To check if an application is running smoothly, type the following:

        $ sudo ps -ef | grep apache2
$ sudo netstat -plunt | grep apache2

If the server is not responding, you can turn on the Apache server using:

        $ sudo service apache2 start

In short, figure out the exact problem before jumping the gun. This would help narrow down the list of issues and help you figure out a solution accordingly.

3. Using the Top Function

Top is one of Linux's most exemplary debugging functions, as it loads the average, swap, and a list of processes using the system's resources.

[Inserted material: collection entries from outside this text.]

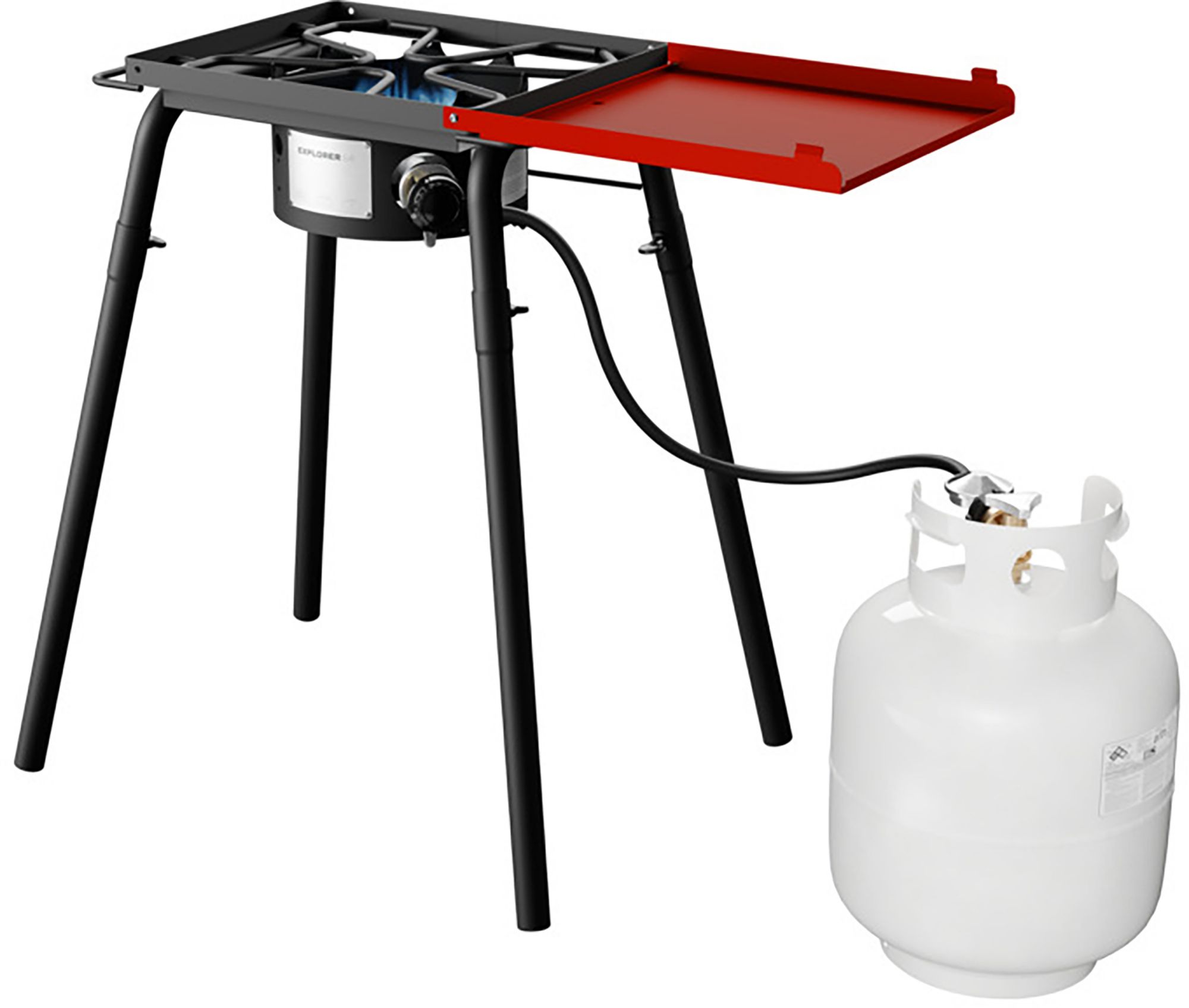 The Camp Chef® Pro 30 Single Burner Stove is a rugged, durable and heavy-duty stove designed to cook with power. A foldable side-shelf attached to the stove provides a preparation area and conveniently holds your cooking tools and seasonings. The 30,000 BTU single burner stove is designed to hold most Camp Chef® single burner accessories. Includes regulator with 3’ hose attachment.
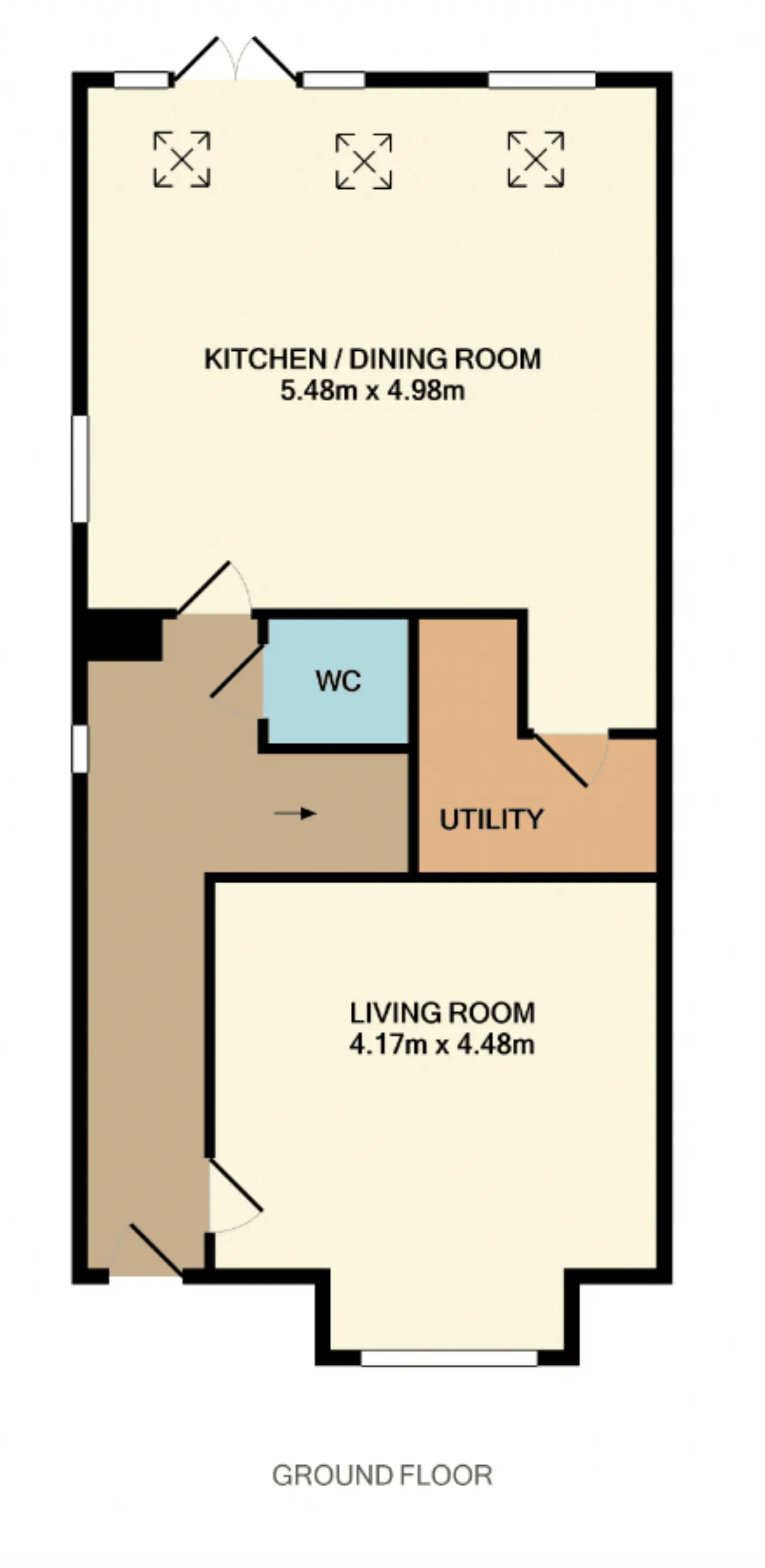 Utility Room: Fitted with floor and eye level units, plumbed for washing machine and space for dryer.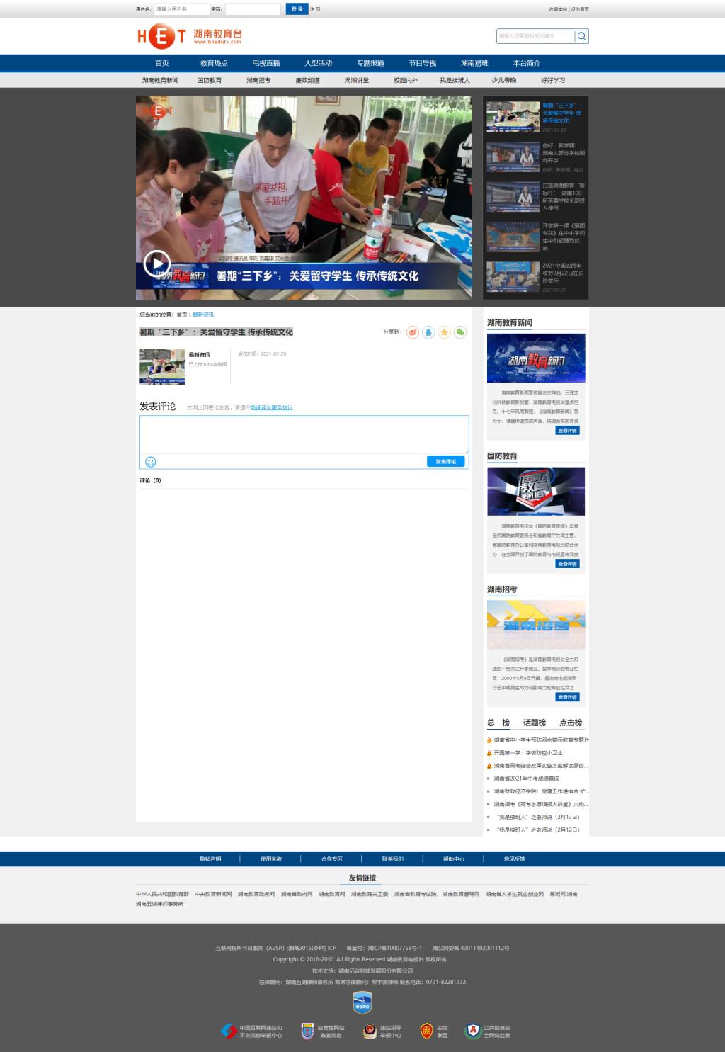 7月28日,湖南教育台发布《暑期“三下乡”:关爱留守学生 传承传统文化》。

Top function checks load average, swap, and which processes are using resources

But the first time you use it, it can appear confusing. Here's a quick breakdown of top.

Line 1:

The time
How long the computer has been running?
Number of users
Load average (the system load time for the last minute, last 5 minutes, and last 15 minutes)

Line 2:

Total number of tasks
Number of running tasks
Number of sleeping tasks
Number of stopped tasks
Number of zombie tasks

Line 3:

CPU usage as a percentage by the user
CPU usage as a percentage by system
CPU usage as a percentage by low-priority processes
CPU usage as a percentage by idle processes
CPU usage as a percentage by I/O wait
CPU usage as a percentage by hardware interrupts
CPU usage as a percentage by software interrupts
CPU usage as a percentage by steal time
Total system memory
Free memory
Memory used
Buffer cache

Line 4:

Total swap available
Total swap free
Total swap used
Available memory

This is followed by a line for each running application. It includes:

Process ID
User
Priority
Nice level
Virtual memory used by process
Resident memory used by process
Shareable memory
CPU used by process as a percentage
Memory used by process as a percentage
Time process has been running
Command

To find out which process is consuming the highest memory, first sort the process by typing M.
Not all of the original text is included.